Goan Patal bhaji is a spicy white peas coconut-based curry served in Goan local hotels and cafes for breakfast. It is even served along with Sukki bhaji which is then mixed with patal bhaji by the customer while eating. Such mix serves of two bhajis is called Mix Bhaji.

Goan Patal Bhaji
Course: Breakfast, SnacksCuisine: IndianDifficulty: Medium4
servings15
minutes8
minutesIngredients
White peas (soaked overnight) – 3/4 cup
Onion – (sliced) 1 medium size, (chopped) 1 small size
Fresh scrapped coconut – (3 tbsp)
Turmeric powder – 1/4 tsp
Chili powder – 1/2 tsp
Garam masala – 1/2 tsp
Cloves – 2 to 3
Cinnamon – a tiny piece
Star anise – 2 to 3 petals (seeds removed)
Fennel seeds – a pinch
Peppercorns – 5
Mace – a tiny petal
Coriander seeds – 1/2 tsp
Tamarind (optional) – a tiny piece
Oil – 2 tbsp
Salt to taste
Coriander leaves (chopped) – 1 tsp
Directions
- Boil white peas and keep them aside.
- Heat 1 tbsp oil in a wok.
- Add cloves, cinnamon, fennel seeds, peppercorns, star anise, coriander seeds and mace.
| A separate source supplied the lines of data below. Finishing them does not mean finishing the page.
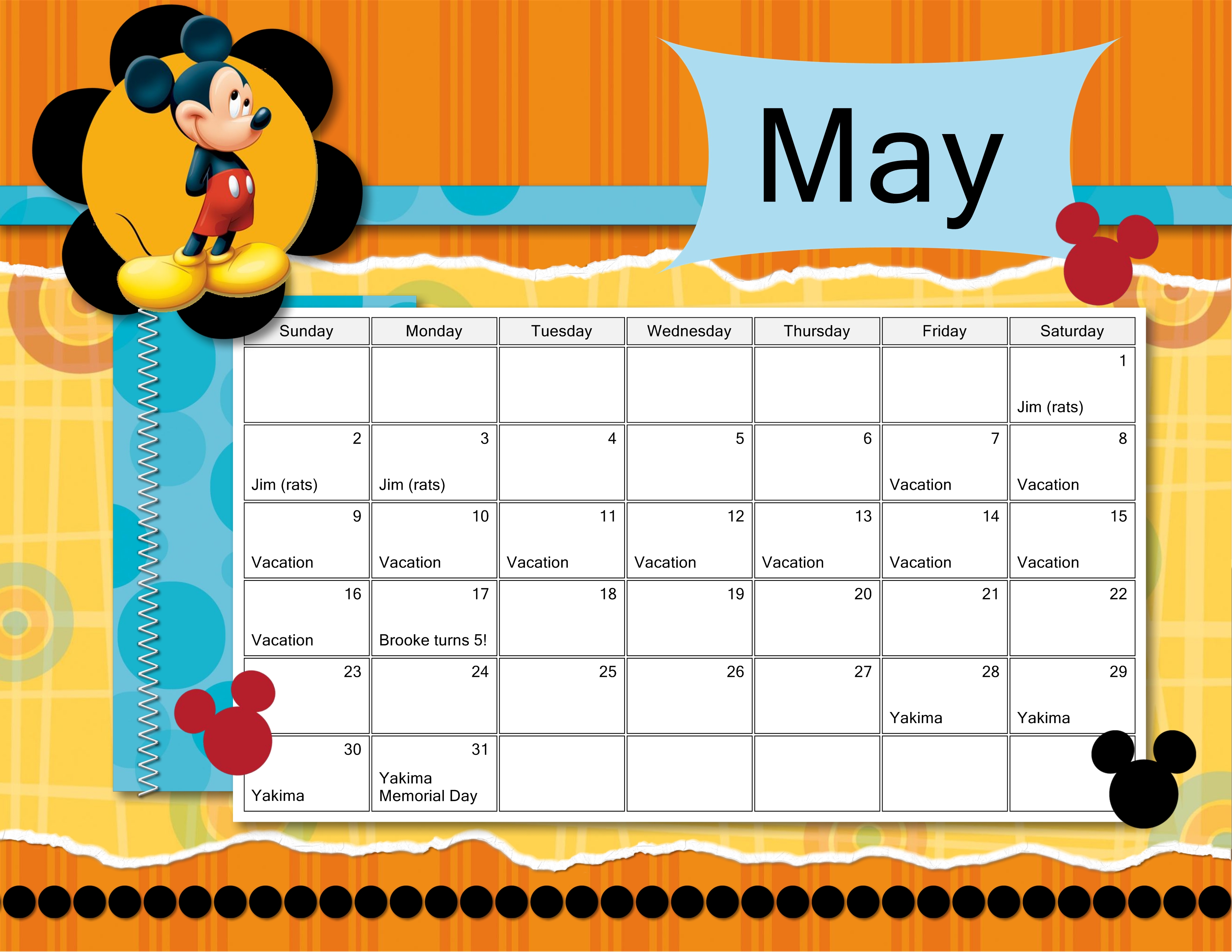 Custom Calendar Page (for fridge)
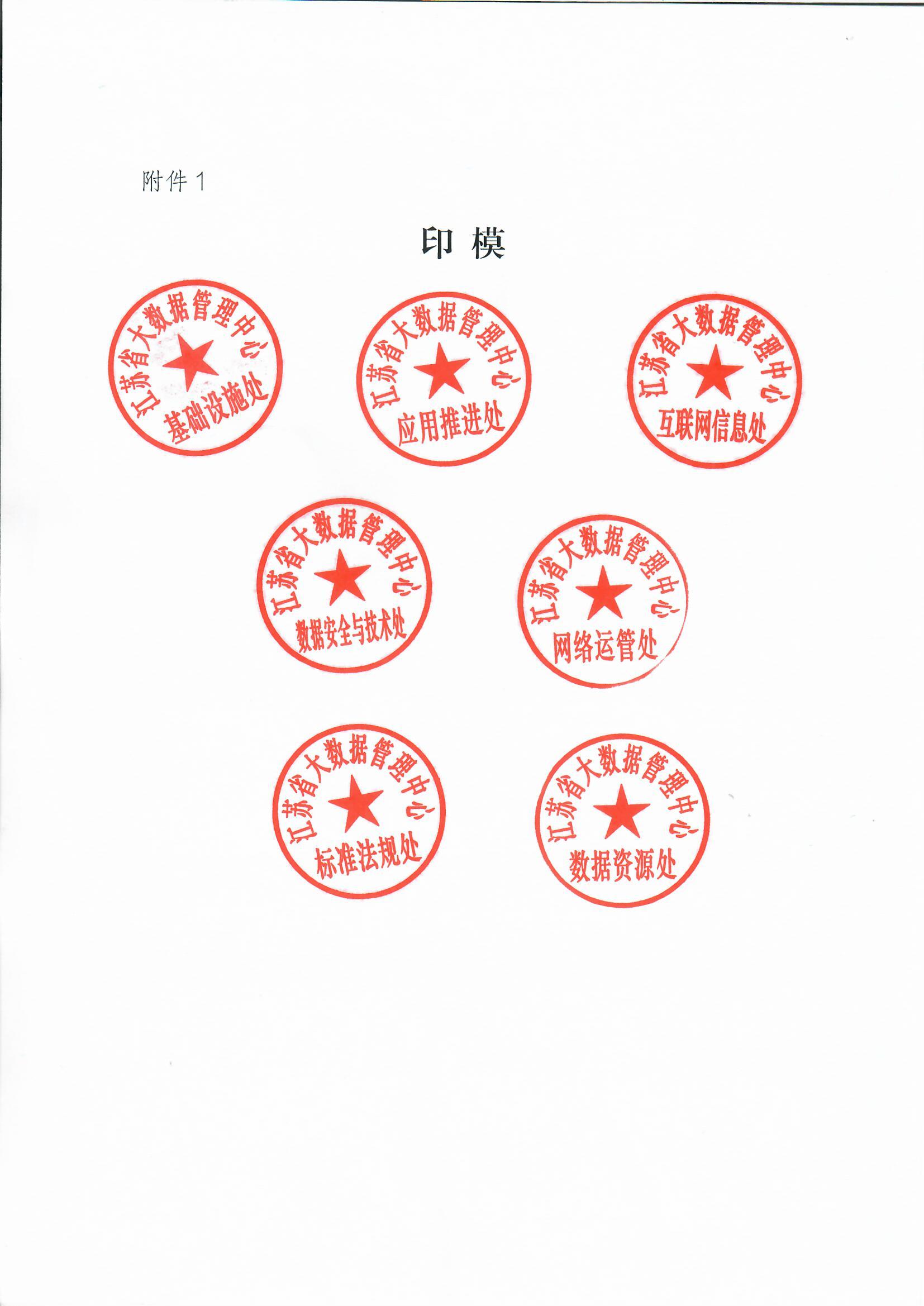 因机构调整,即日起启用以下印章:“江苏省大数据管理中心标准法规处”、“江苏省大数据管理中心数据资源处”、“江苏省大数据管理中心基础设施处”、“江苏省大数据管理中心数据安全与技术处”、“江苏省大数据管理中心网络运管处”、“江苏省大数据管理中心应用推进处”和“江苏省大数据管理中心互联网信息处”。
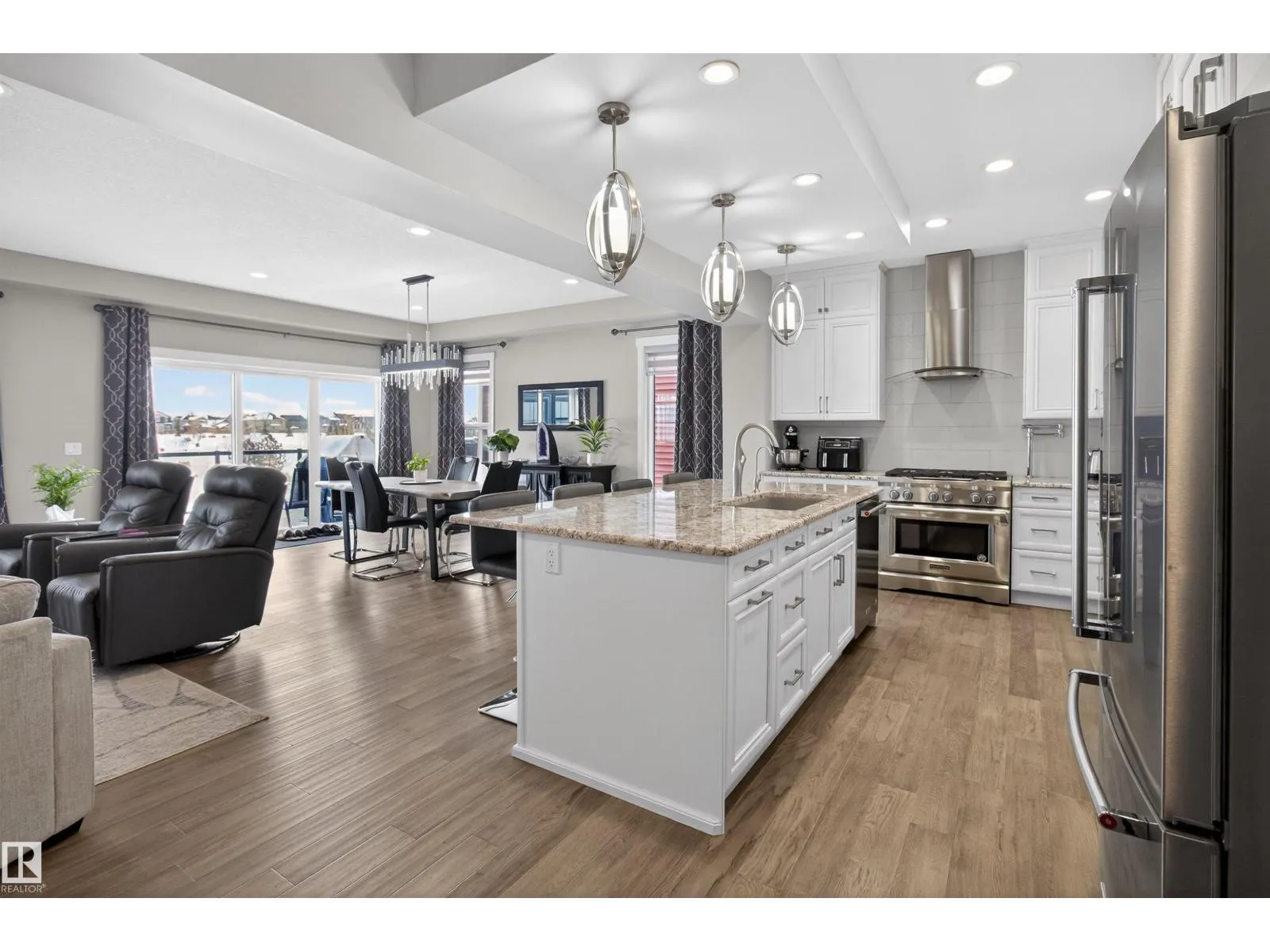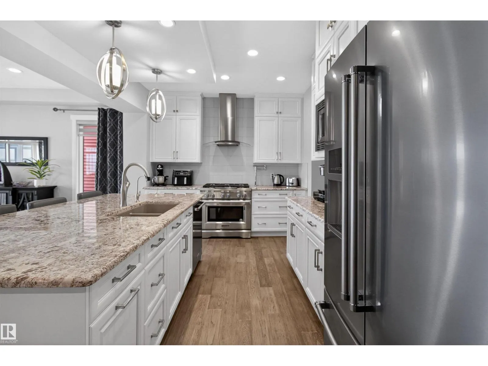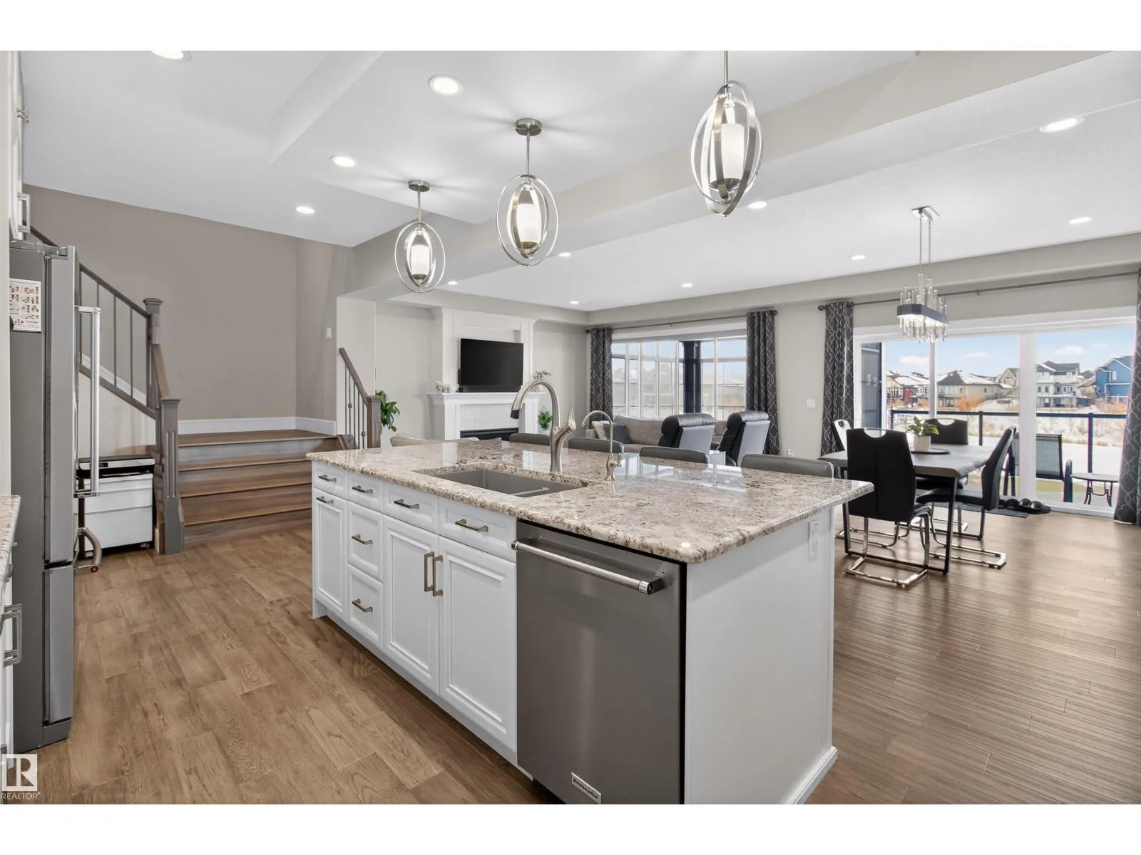 MILLION DOLLAR VIEW! Welcome to this stunning 2 storey home backing onto the lake! Open concept with 2646 square feet plus a fully finished WALKOUT BASEMENT! Gorgeous GOURMET KITCHEN with huge island, pantry, granite countertops, gas stove, and an abundance of beautiful cabinetry. Large living room with gas fireplace and large windows. AWESOME SUNROOM and adjacent deck to enjoy those beautiful views. Upstairs are 3 bedrooms, Bonus room, and laundry area. The Primary Bedroom features a gorgeous 5 piece ensuite with soaker tub, shower, dual sinks, vanity plus 2 walk-in closets. Fabulous basement with massive Rec Room, 4th bedroom, 4 piece bathroom, and utility/storage space. Central A/C, hot water on demand, water softener, reverse osmosis & central vac system. Super low maintenance front & backyard with stone patio & rubber mulch. Double attached HEATED garage. Beautiful curb appeal! Unbeatable location! Close to schools, parks, shopping and more! Visit REALTOR® website for more information. (id:27476)
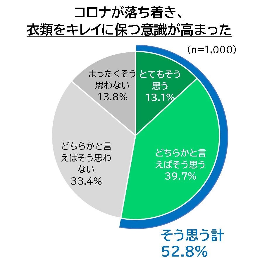 新型コロナウイルス感染症の感染症法上の位置付けが5類に移行し、外出機会も増える中、半数以上(52.8%)の人が、「コロナが落ち着き、衣類をキレイに保つ意識が高まった」と回答しました。
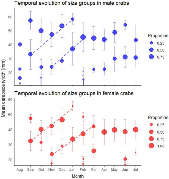 Temporal patterns of size structure in green crab populations. The plots display the monthly progression of size groups identified by mixture model analysis for both male (top panel) and female (bottom panel) crabs throughout the year. Circle size represents the proportion of individuals within each size group, while vertical bars indicate standard deviations. Dashed lines track the most conspicuous growth progression of modal size classes over time. Arrows indicate recruitment events where new cohorts appear in the population. Monthly size-class frequency distributions are presented in Figure A4 and Figure A5 and their associated statistics are presented in Table A3 and Table A4.
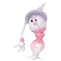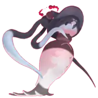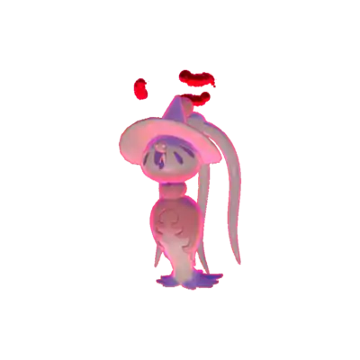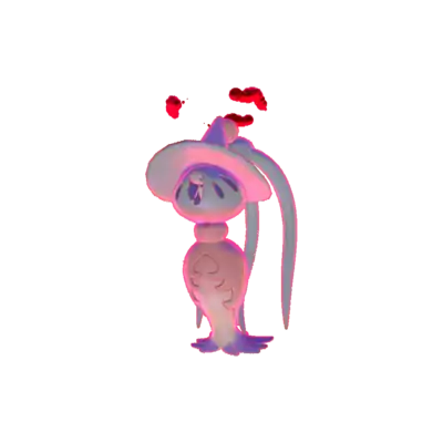 Thanks to powerful Dynamax energy that allowed it to assume a Gigantamax form, Gigantamax Hatterene has grown to a colossal size. While its physiology remains vastly the same, its black eyes are now blue with white pupils. In addition to this, its hair has grown and increased in volume, forming a chamber of sorts that its body sits in. On both sides of this chamber are a pair of teardrop-shaped openings. The hat-like formation on its head has also changed, with the brim being thinner and draping around it and the crown ending in a pink bulb. Attached to the said bulb is a larger baby-blue bulb that has three, long tentacles tapering from it. As seen with all Dynamax and Gigantamax Pokémon, three red clouds loom and swirl above the hat of Gigantamax Hatterene.
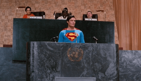 BILD: Stålmannen håller tal på FN-högkvarteret i New York i filmen Superman IV: The Quest for Peace (1987).

- Fry till spices give out aroma and remove.
- Add sliced onion and fry till golden brown.
- Add coconut and stir fry till it turns slightly brown.
- Grind spices with onion, coconut and tamarind by adding little water.
- Heat 1 tbsp oil in a cooking pan and chopped onion.
- Fry till translucent.
- Add garam masala and boiled peas. (2 tbsp boiled peas to be mashed and added)
- Add turmeric powder, chili powder and salt to taste.
- Add required quantity of water and cook on high flame for 5 min.
- Add ground paste.
- Stir well and simmer for 2 – 3 min.
- Add coriander leaves.
- Serve with pav or puri.
Notes
- You may make it spicier.
You may use two Goan red chilies while roasting spices and avoid chili powder.